Apesar de possuir tal denominação o “chefe” não representa uma figura de poder ou
liderança incondicional, como dito a cima sua função é mediar conflitos, não
podendo usar a forma com legitimidade, até mesmo porque a única legitimidade lhe
permitida em tal tarefa é a retórica.

O único uso de força permitido a um chefe se dá apenas em situações de


guerra, onde o mesmo tem o dever de liderar seu povo no campo de batalha, e
ainda assim não há guerra que se sustente sem a concessão de todos os outros
membros da tribo. O chefe é uma figura que deve servir aos desejos de sua tribo e
não o contrário, aquele que por alguma razão começar a se desviar daquilo que sua
tribo deseja está fadado a perder respeito e credibilidade por parte dos outros
integrantes.
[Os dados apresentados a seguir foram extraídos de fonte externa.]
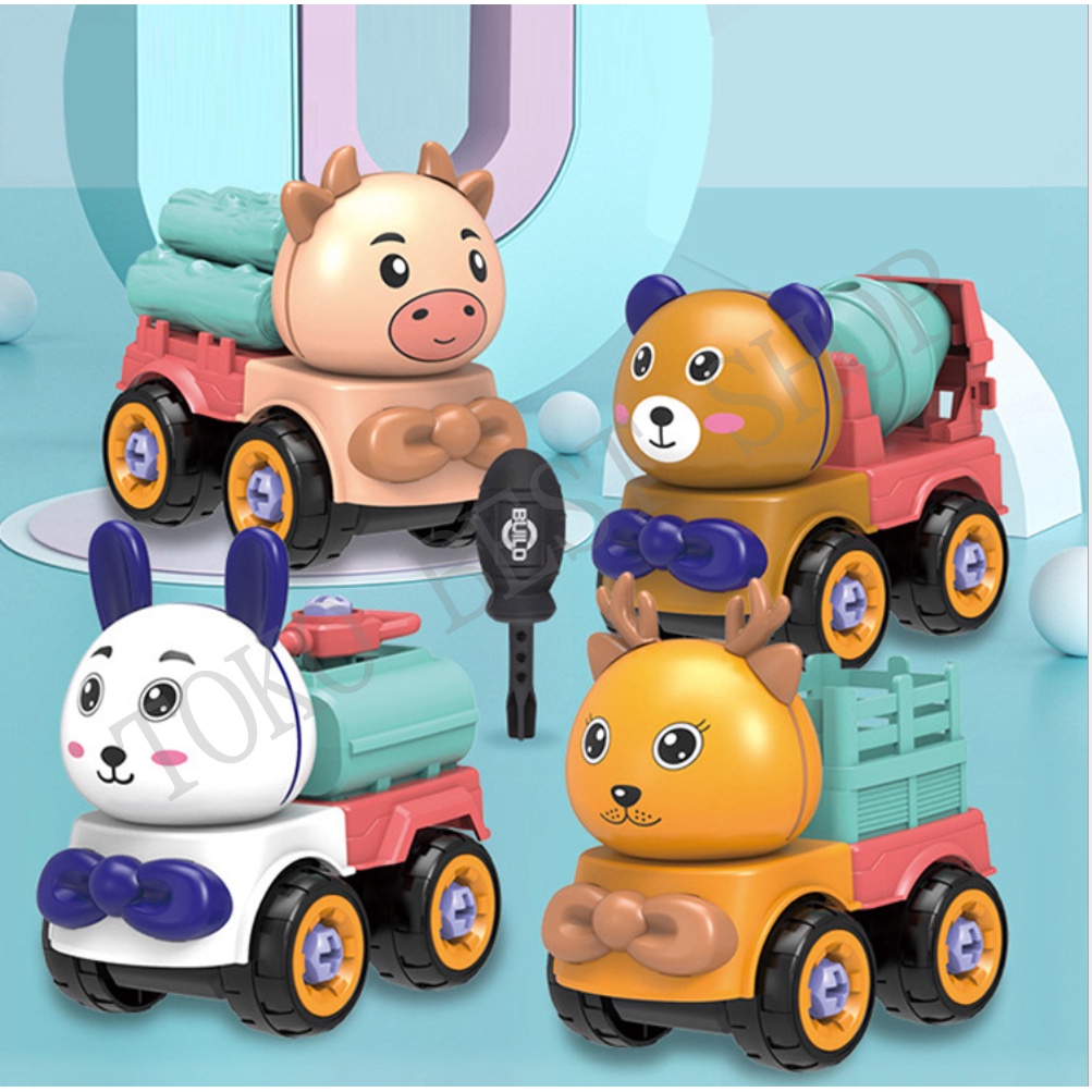 [TOKO BEST SHOP]Mainan Mobil Mobilan Karakter Bongkar Pasang DIY Edukasi Laki Laki Perempuan Assembly Toy/Mainan anak/

Sua influencia e respeito é exclusivamente alimentada por questões e
ordem técnica, seja por sua facilidade na resolução de conflitos internos, seja
através de suas habilidades para conduzir seu povo em épocas de guerra.
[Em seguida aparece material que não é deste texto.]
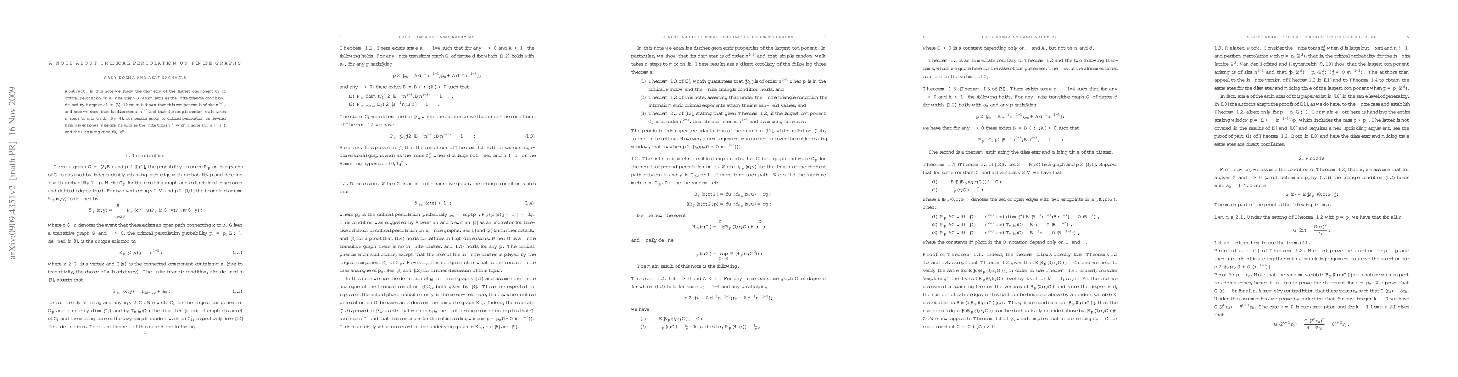 This paper investigates the geometry of the largest component C_1 in critical percolation on finite graphs satisfying the finite triangle condition, showing its diameter is n^{1/3} and that simple random walk requires n steps to mix on it. Results extend to high-dimensional finite graphs like the finite torus Z_n^d and the Hamming cube {0,1}^n.

Já no final de seu texto, Clastres especula de que talvez a história pudesse


ser diferente no que tange a instauração de um Estado indígena. Como
normalmente as tribos eram todas muito pequenas demograficamente, nunca houve
a necessidade de um líder político a frente das questões de ordem social, havia no
máximo alguns acordos entre chefes vizinhos, quanto a questões de guerra ou
invasão. Porém havia já nos séculos XV e XVI alguns aldeamentos Guaranis com
cerca 3 ou 4 mil índios e nesses aldeamentos sim existiam lideres que de certa
forma tratavam de uma organização social.
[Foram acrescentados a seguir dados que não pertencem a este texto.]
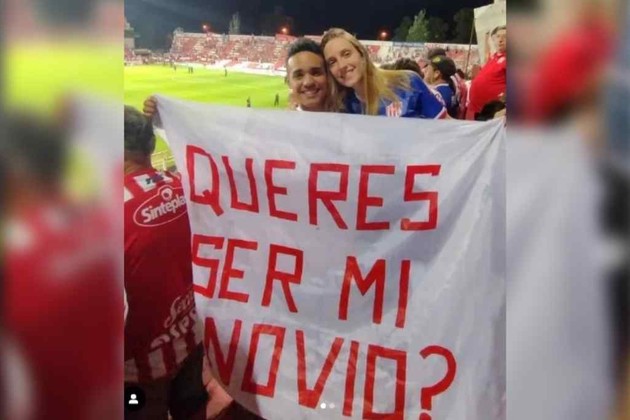 En las tribunas del estadio ubicado en la Avenida López y Planes se vivió un momento se suma ternura. A los 10 minutos del segundo tiempo, el “Loco” Álvez abrió el marcador y con su grito de gol de fondo, la que abrió una bandera con un emotivo mensaje fue Aylin Mergen. “¿Querés ser mi novio?”, se podía leer en aquel trapo que no estaba colgado, porque era para “Pepi” Gaitan, su compañero de cancha. El acto de amor quedó retratado en una foto que se tomaron los dos y rápidamente se volvió viral en las redes sociales.

Havia também a figura do “Karai”, uma espécie de profeta e esses já


relatavam os perigos da existência daquilo que o autor chamou de “Um”, uma
espécie de líder que atua a partir do poder e coerção, contra a liberdade. O tal
profeta teria a missão de alertar e guiar o povo para a terra onde não existe o mal,
onde não existe o Um. E foram os Karai que quase formaram uma espécie de
estado, pela primeira vez se formavam aldeamentos de índios vindos de tribos
diversas em busca dessa tal terra onde o mal não existe. Como conclusão, acho
muito oportuno usar o que Clastres nos diz no ultimo parágrafo de seu texto:
“Palavra profética, poder dessa palavra: teríamos nela o lugar originário do
poder, o começo do Estado no Verbo? Profetas conquistadores das almas
antes de serem senhores dos homens? Talvez. Mas, mesmo na experiência
extrema do profetismo (porque sem dúvida a sociedade tupi-guarani tinha
atingido, por razões demográficas ou outras, os limites extremos que
determinam uma sociedade como sociedade primitiva), o que os selvagens
nos mostram é o esforço permanente para impedir os chefes de serem chefes
e a recusa da unificação; é o trabalho de conjuração do Um, do Estado. A
história dos povos que têm um história é, diz-se, a história da luta de classes.
A história dos povos sem história é, dir-se-á como ao menos tanta verdade, a
história da sua luta contra o Estado.”